(EXERCISE OBJECTIVE) Leave the pictures out and restate every line below exactly.

DATASET CONTENT below:

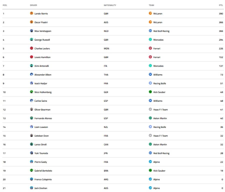 Μετά και την ποινή που δέχθηκαν οι πιλότοι της McLaren, στην κορυφή του βαθμολογικού πίνακα παραμένει ο Λάντο Νόρις με 390 βαθμούς και τους Όσκαρ Πιάστρι και Μαξ Φερστάπεν να ακολουθούν κατά πόδας στο -24 με 366 βαθμούς!
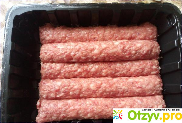 Колбаски упакованы в чёрный лоток из штампованного пластика. Пять небольших колбасок слеплены из фарша, они имеют аппетитный розовый цвет и аромат шашлыка. Диаметр колбасок - примерно 2 см или чуть больше.
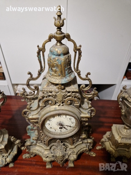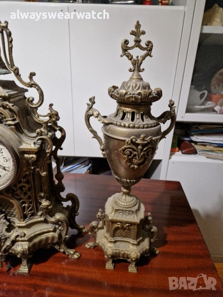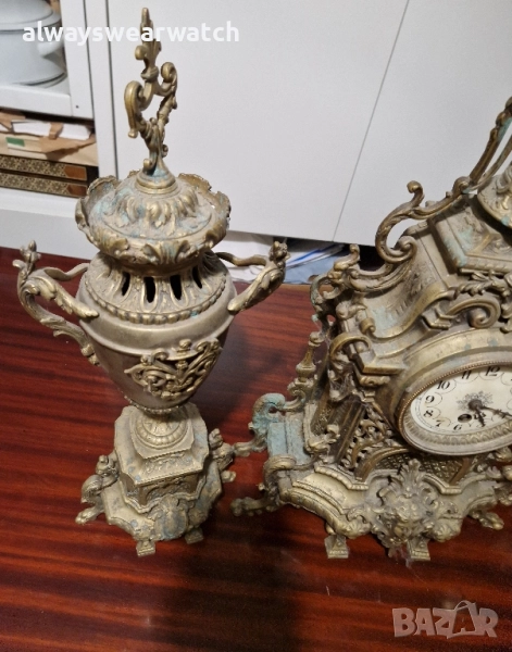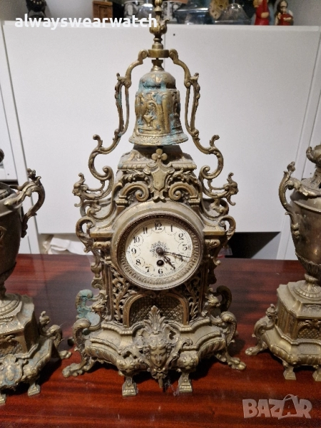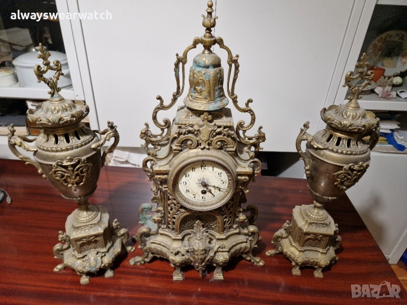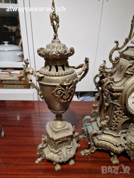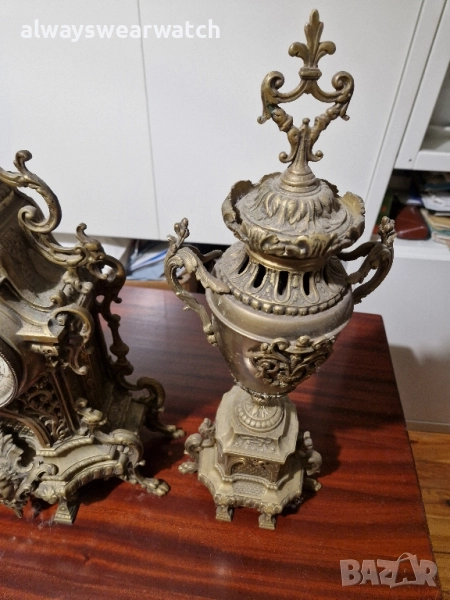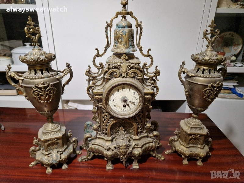 Античен бронзов каминен часовник комплект с 2 канделабри - вази.

End of DATASET CONTENT.

(RESPONSE FOR THIS EXERCISE)
 Μετά και την ποινή που δέχθηκαν οι πιλότοι της McLaren, στην κορυφή του βαθμολογικού πίνακα παραμένει ο Λάντο Νόρις με 390 βαθμούς και τους Όσκαρ Πιάστρι και Μαξ Φερστάπεν να ακολουθούν κατά πόδας στο -24 με 366 βαθμούς!
 Колбаски упакованы в чёрный лоток из штампованного пластика. Пять небольших колбасок слеплены из фарша, они имеют аппетитный розовый цвет и аромат шашлыка. Диаметр колбасок - примерно 2 см или чуть больше.
 Античен бронзов каминен часовник комплект с 2 канделабри - вази.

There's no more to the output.